Like many other uncommissioned works, the subject of this painting has been interpreted in various ways and it has borne several descriptive titles. The woman reading the letter has been thought to
be a portrait. One critic even suggested that she was the Duchess of Alba (who had died many years before the painting was made), and that she is represented with washerwomen in the background to
illustrate a theme of 'Industry and Idleness'.
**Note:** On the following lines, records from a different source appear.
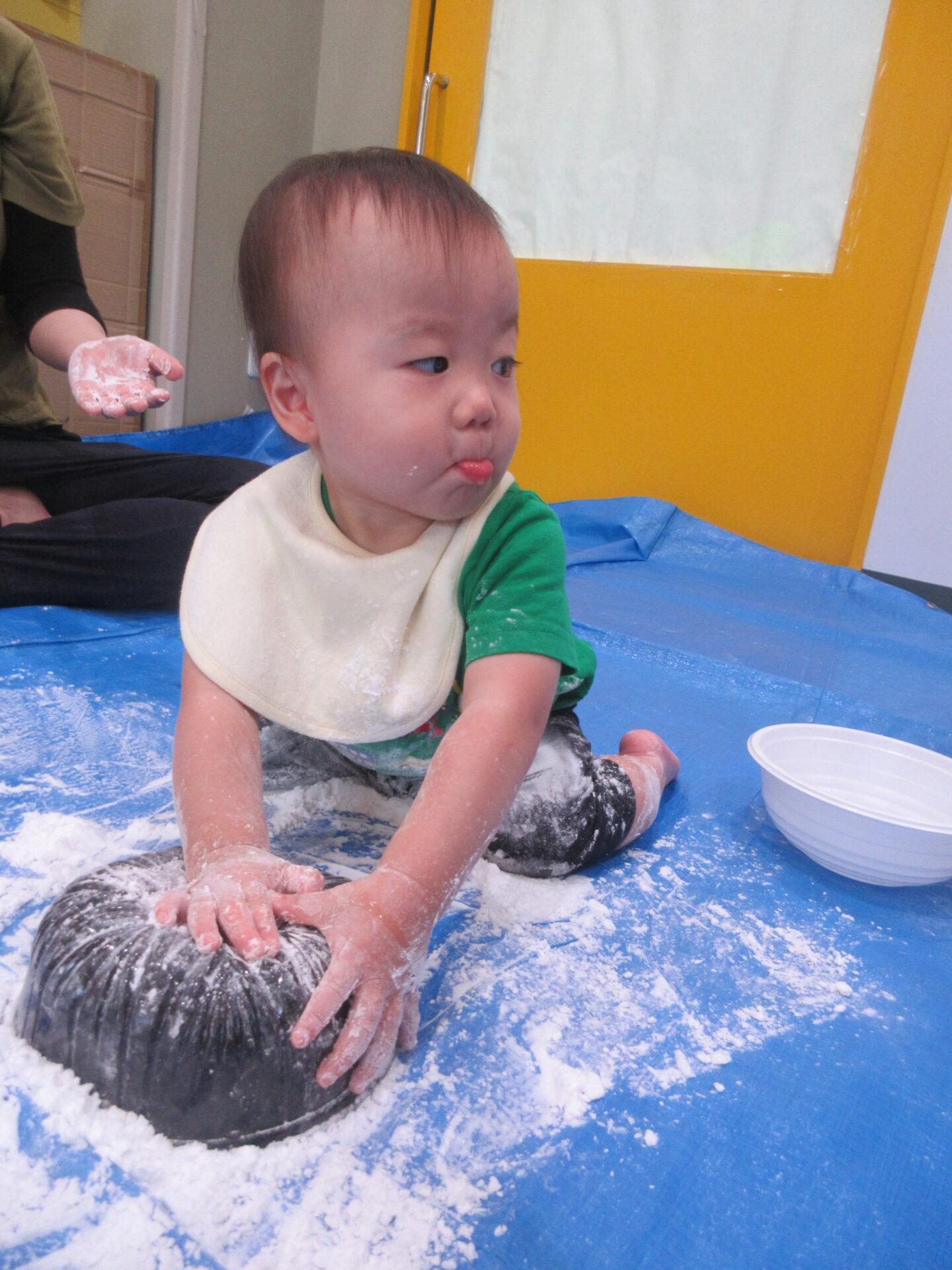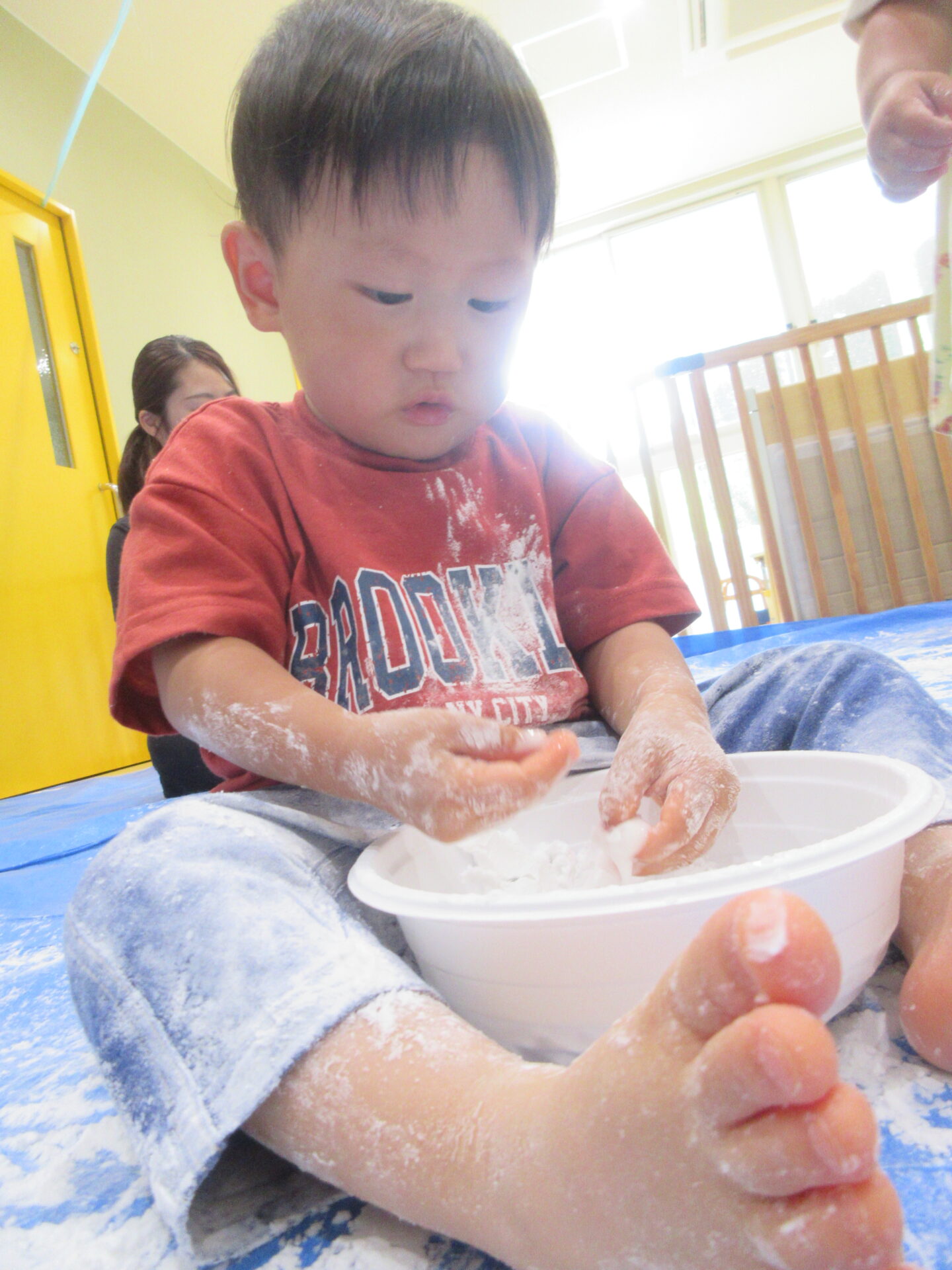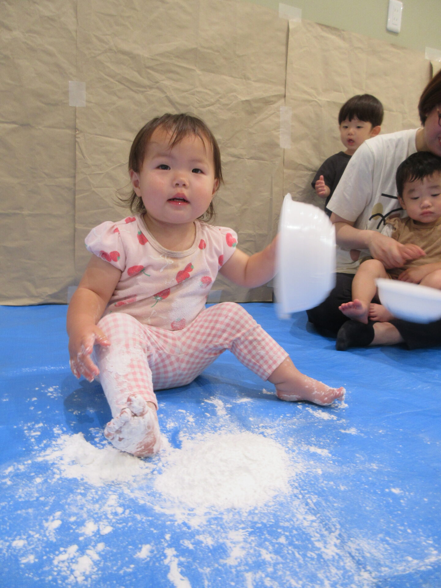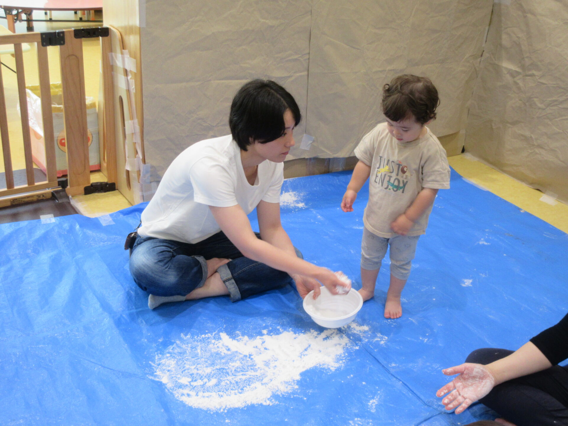 片栗粉をボウルに入れて1人ずつ渡すと、早速じゃばーっとするお友だちや、ちょっと警戒してお母さんと一緒になら・・・と少しだけ触ってみるお友だちと反応は様々でした。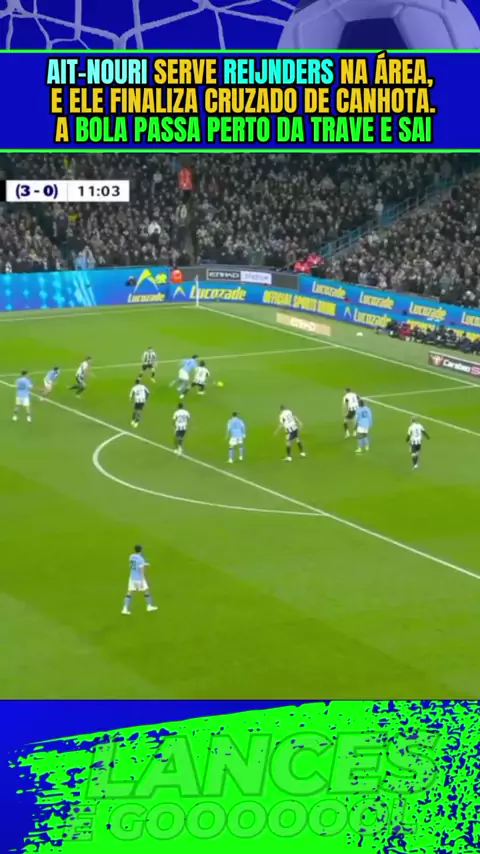 Ait-Nouri serve Reijnders na área, e ele finaliza cruzado de canhota. A bola passa perto da trave e sai#ManchesterCityxNewclaste #City #Neeclaste #esporte #copadaligainglesa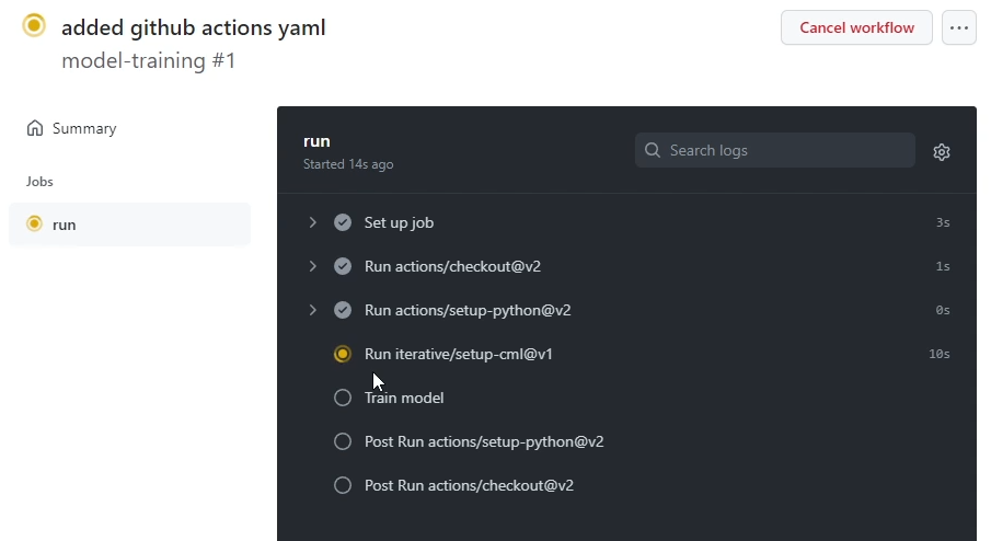 추가로 yml 파일 하나를 생성하겠습니다. 경로는. github/workflows/cml.yml로 하겠습니다. 그 후 새로운 브랜치를 만들어서 commit 후 build 하겠습니다. (들여 쓰기를 주의하시길 바랍니다.)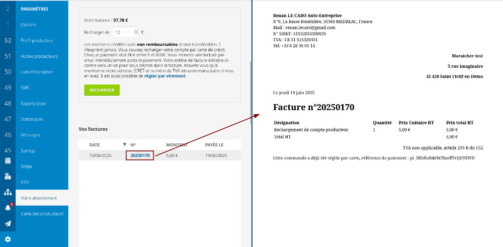 Vous pouvez maintenant directement consulter toutes vos factures ciboulette sur l'interface producteur, dans l'onglet "votre abonnement".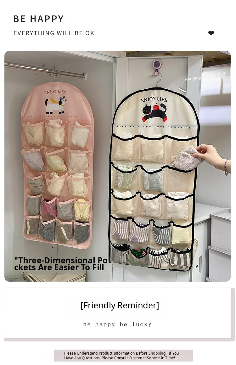 Cute Double-Sided Underwear Storage Bag - Hanging Organizer for Bras, Socks, and Panties - Perfect for Wardrobes and Dorm Rooms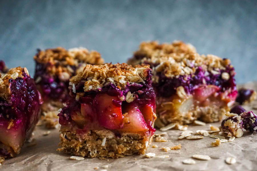 These Pear and Blueberry Crumble Bars are a magical mix of sweet stewed fruits and crispy, zesty oats.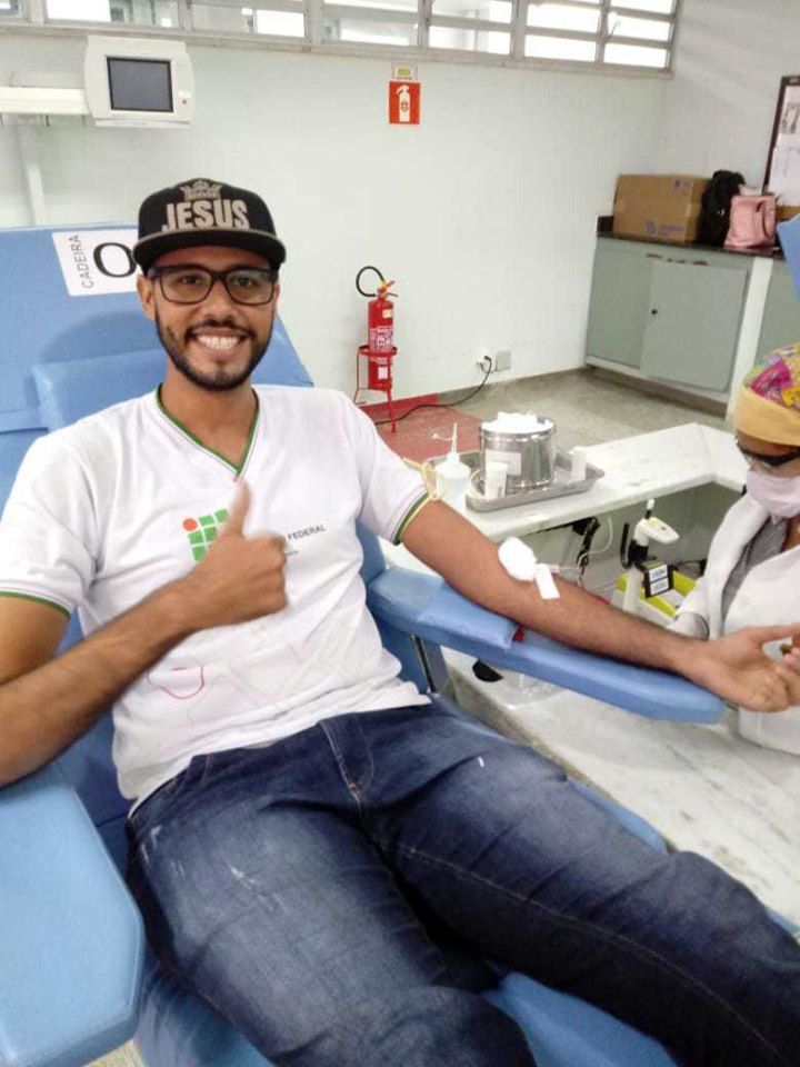 O estudante de Agropecuária do Campus São Cristóvão, Pablo Ricardo Santos de Jesus, 19, participou da campanha de doação de sangue realizada pelo IFS em março de 2018. “Antigamente, eu tinha medo de doar sangue, mas fui incentivado pelos coordenadores sobre a importância, precauções e segurança da doação”, relata Pablo que doou pela primeira vez no ano passado.

It has also been suggested that Goya intended this painting as a pendant to Time and the Old Women. The two canvases are almost exactly the same size,
were acquired for the Musee des Beaux-Arts, Lille, at the same time and have the same provenance. But there seems to be no obvious connection between the subjects of the two paintings and Time and
the O/d Women, which is known to have been in Goya's possession in 1812, is almost certainly a slightly earlier work. There is, in fact, little reason to doubt that the woman reading a letter,
standing with her companion and a dog in front of a group of washer-women, is a genre subject like the earlier tapestry cartoons and other decorative paintings. But the composition is less contrived
and, as in many-other works, chiefly the uncommissioned ones, it appears to be based on a scene that the artist had witnessed and recorded on the spot or from memory. This was one of four paintings
by Goya in the collection of King Louis Philippe which had been obtained in Madrid from Goya's son. It was sold at Christie's, London, in 1853 for £21.